Monday, November 20, 2006

An Ancient Muse and Crying Wolf

Loreena McKennitt released a new CD called An Ancient Muse.

The blurb: “Tell me, O Muse, of those who travelled far and wide”

Aptly, it is an echo of Homer’s timeless Odyssey that introduces Loreena McKennitt’s seventh studio recording, the latest volume of a project she describes as “musical travel writing”. This time, the journey takes her in search of the Celts’ easternmost paths, from the plains of Mongolia to the kingdom of King Midas and the Byzantine Empire. Along the way, she muses on the concepts of home, of travel in all its incarnations, of the cultural intermingling that underpins human history and our universal legacies of conflict and hope.

Recorded at Real World Studios and featuring a host of acclaimed musicians, the album proffers a treasure trove of instruments, from harp, hurdy-gurdy and accordion to oud, lyra, kanoun and nyckelharpa (the Scandinavian keyed fiddle). Highlights include the seductive rhythms and Silk Road influences of first single “Caravanserai”; “Penelope’s Song”, a paean to steadfast love; and Loreena’s musical setting of Sir Walter Scott’s poem of star-crossed romance, “The English Ladye And The Knight”. Together, the nine songs that comprise An Ancient Muse conjure up a wide world’s worth of human stories that are as unique as they are unforgettable.

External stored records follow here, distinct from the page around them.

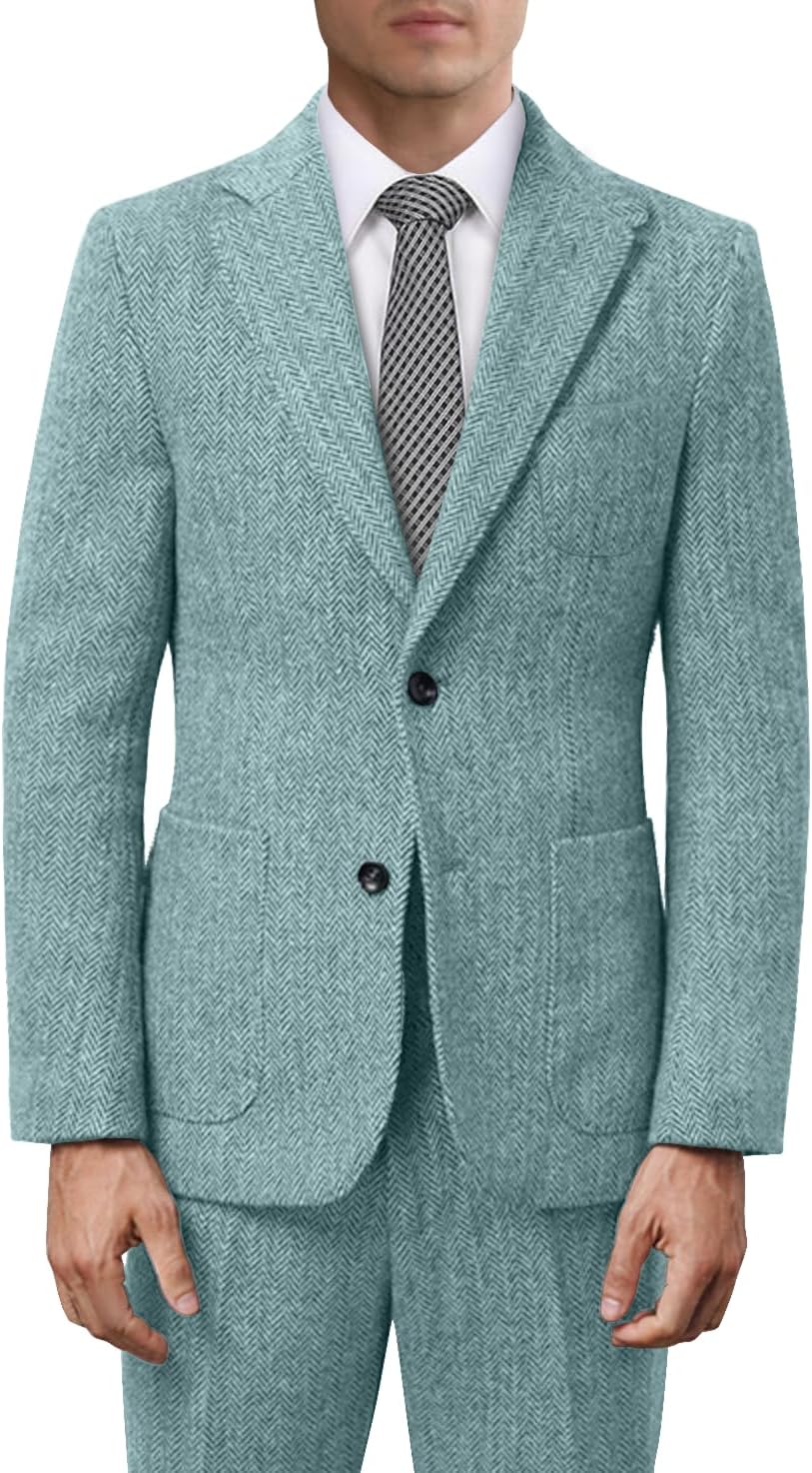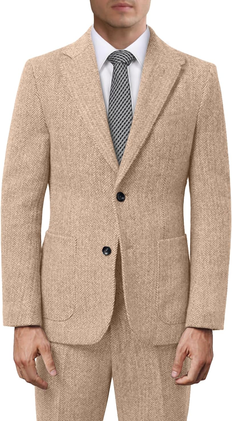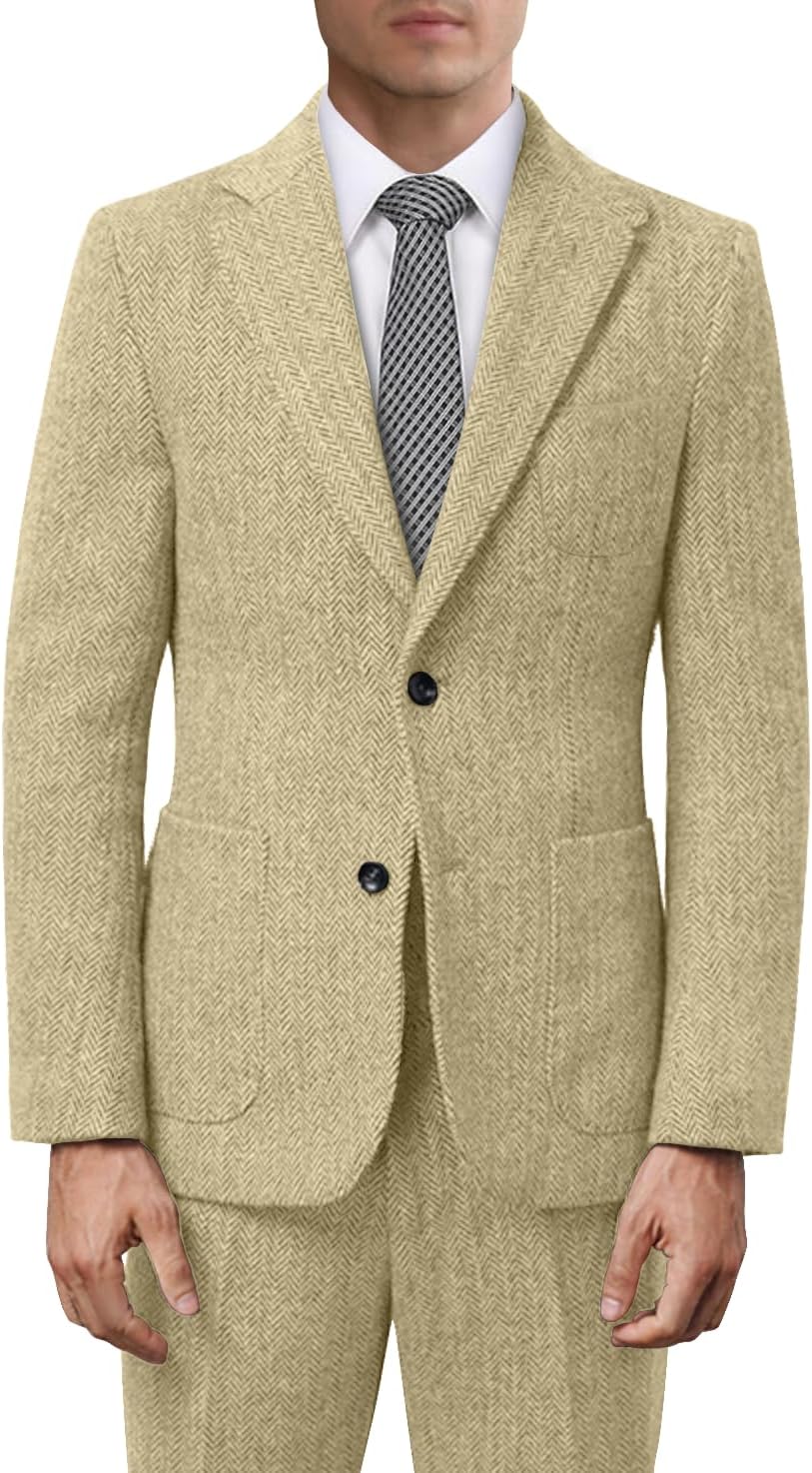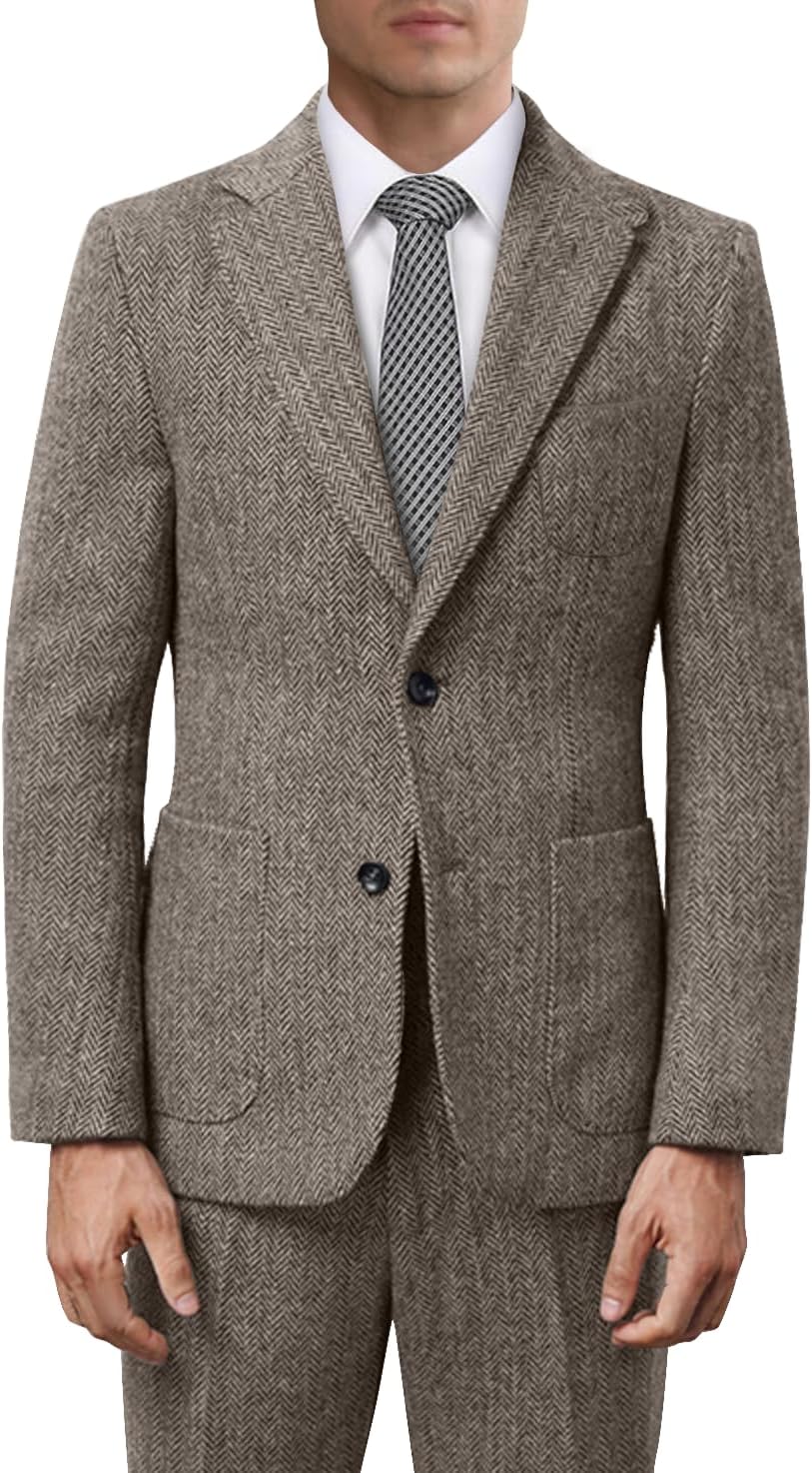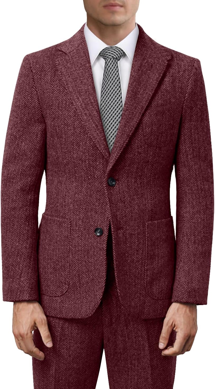 Package List: Classic Men 3 Pieces Suit Set: Herringbone Tweed Wool Suit Jacket * 1, Herringbone Tweed Wool Dress Suit Pants * 1.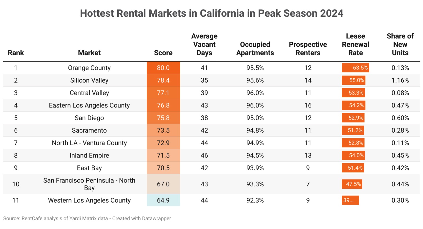 - Orange County is now California’s most challenging rental market. The competitiveness score surged to 80.0 (up from 70.5 last year), with a 95.5% occupancy rate and 12 renters competing per apartment. Limited new apartments entering the market—just 0.13% (down from last year’s 0.66%*)—combined with the highest lease renewal rate in the region at 63.5% (up from 61.0%), means even fewer options for prospective tenants.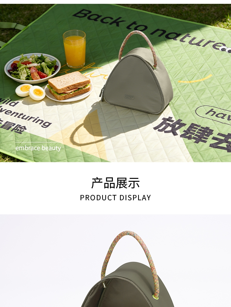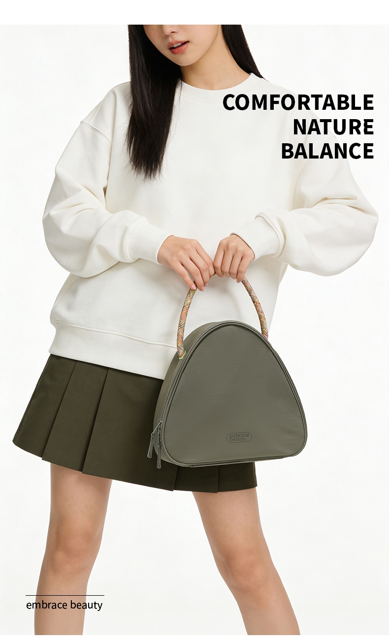 山丘粽形,趣意双关,圆润三角造型;如山峦起伏,又如粽角棱角,简约时尚不落俗套;百搭各种场合,五彩绳提手,匠心独运
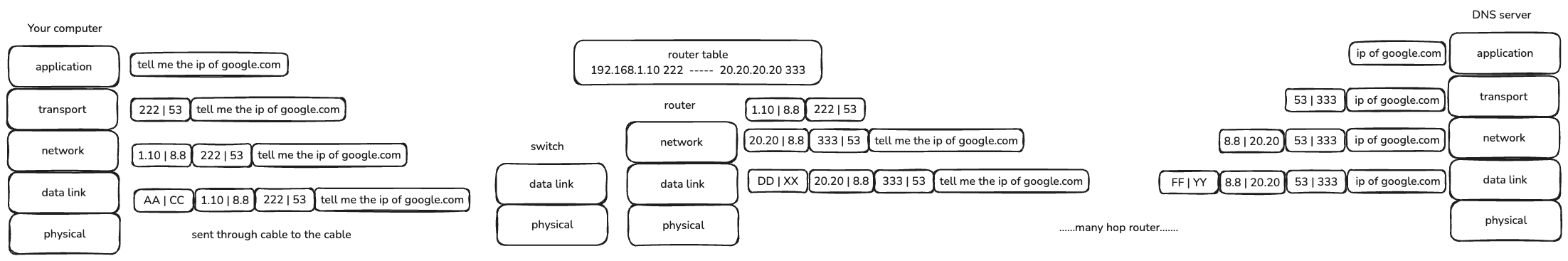 53, so it knows it is a DNS request. And it resolve the ip ofgoogle.comand return the ip. - And the return process is similar to the request process. Finally, after those, your computer will receive the ip of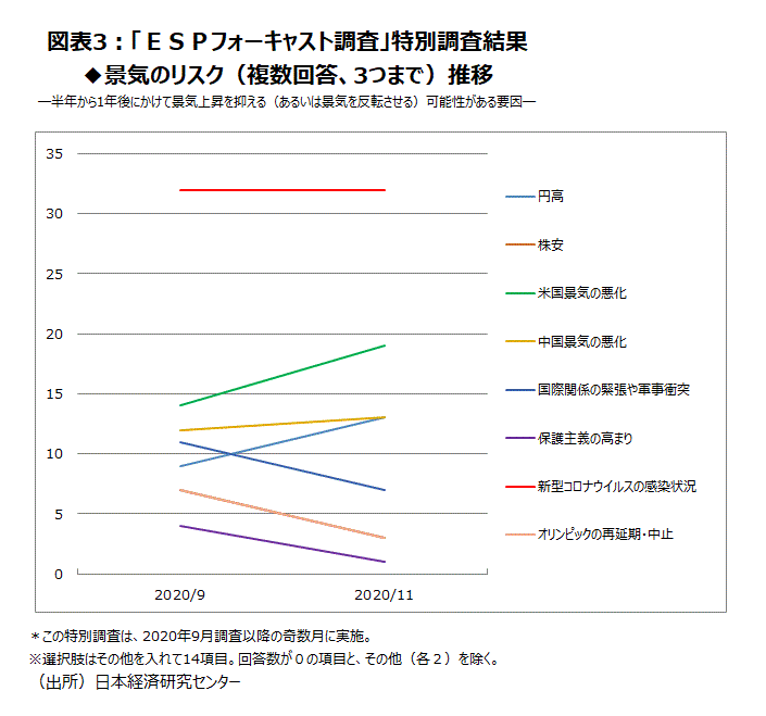 「ESPフォーキャスト調査」(11月の特別調査)で景気のリスクとして第2位の「米国景気の悪化」を大きく引き離し、ほとんどのフォーキャスターが指摘したのが「新型コロナウイルスの感染状況」だった(図表3)。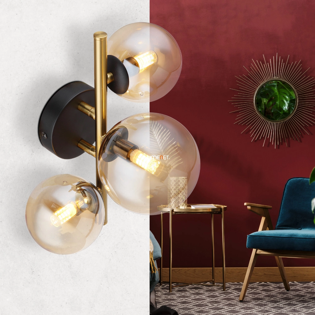 A Riha Globo 56135-3W fali lámpa három darab, melegfehér fényt kibocsátó LED fényforrással rendelkezik, amelyek G9 foglalatba illeszkednek. A lámpatest teljesítménye 3x3,5 watt, a fényforrások színhőmérséklete 3000 Kelvin, amely kellemes, meleg hangulatot biztosít a helyiségben. A lámpatest fényárama 80 lumen, nem szabályozható kivitelben készült. Modern stílusú, fém és üveg anyagokból épül fel, fekete, arany és borostyán színek kombinációjával. Méretei 280 mm hosszúság, 210 mm szélesség és 190 mm magasság. Az IP20-as védettség beltéri használatra teszi alkalmassá. A termék tartalmazza a LED fényforrásokat, csomagolási méretei 39x29x16 cm, tömege 1,07 kg. A gyártó a Globo.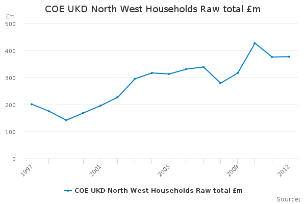 Download this time seriesCOE UKD North West Households Raw total £m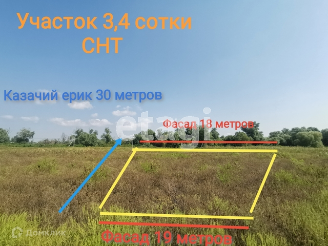 Продаётся участок 3,4 сотки у реки Казачий ерик. Участок ровный, практически квадратной формы, с двумя фасадами - 19 и 18 метров. Один из фасадов выходит на канал. Участок граничит с каналом ведущим в Казачий ерик. Расстояние до Ахтанизовского лимана - 4 км. (минимальное расстояние до лотосов). Рядом с участком столб электроэнергии, имеется свой трансформатор. Идеальное место для отдыха, рыбалки, охоты. Подойдет как под коммерцию, так и для дачного домика. Есть возможность прописки. Назначение земли - СНТ. По ПЗЗ можно построить здание до 3х этажей. До Азовского моря - 15 км., до Чёрного моря - 30 км. Расстояние до ближайшего посёлка - 5 км. До города Темрюк - 10 км. С нами преференции от ведущих банков. Возможен онлайн показ. Звоните!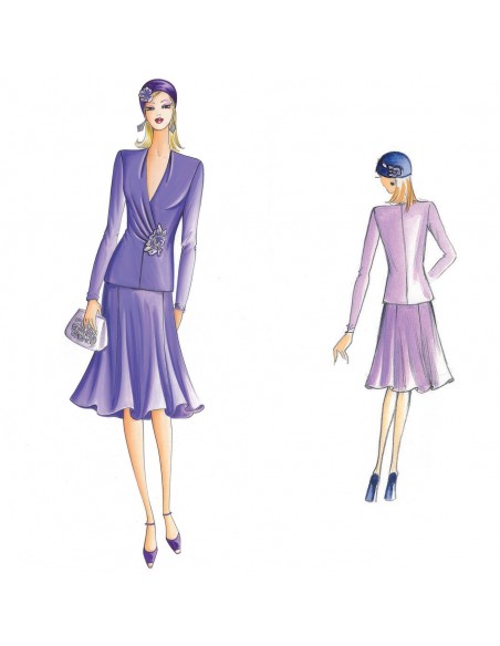 Casaca de línea semi-modelada, pinzas sueltas en el escote V, una aplicación de encaje bordado adorna el drapeado del corpiño. Falda n. 1936.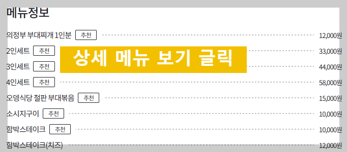보시는 것처럼 부대찌개는 인원별 세트 메뉴가 잘 구성되어 있어 편리하고, 부대볶음이나 소시지구이, 함박스테이크 같은 다른 메뉴들도 맛볼 수 있습니다.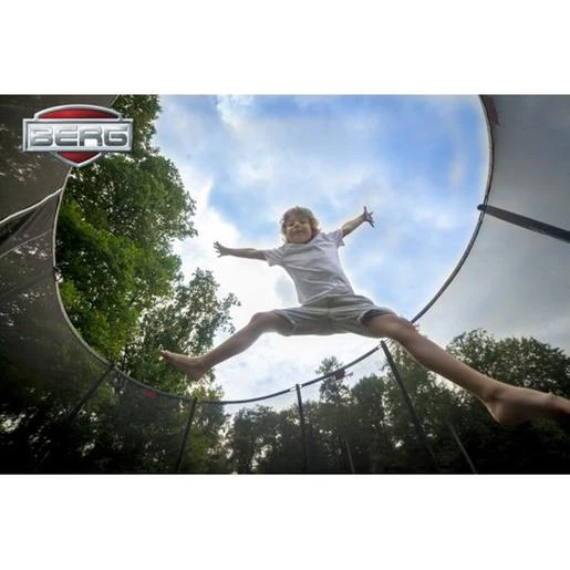El sistema de muelles Twinspring de doble muelle en forma de «v» , aumenta el área de salto perfecto y aporta mejor confort en el salto. La lona elástica tiene unos poros más abiertos que dejan fluir el aire con más libertad, es la llamada tela Airflow que junto con los muelles twingsping favorecen los mejores saltos. La estructura del trampolín está bien protegida para el exterior y tiene un elegante color negro que le da una protección extra. La red de seguridad Deluxe bien integrada en la cama elástica mantiene siempre la red firme. La cama elástica Berg Champion tiene un borde protector muy ancho y grueso disponible en los colores verde o gris.

Unrelated, Mary Beard posts Crying wolf about the wolf-and-twins bronze in Rome. Either way, I'm not certain people would stop wanting to see it. It's still a famous and old piece of art, and frankly, it's a symbol of Rome. It's been such for so long that I don't really see people abandoning it just because we're now considering the possibility that it's not as old as we "thought" it was. Or maybe this is just wishful thinking on my part. I'm rather fond of the wolf. And people really are quite fickle.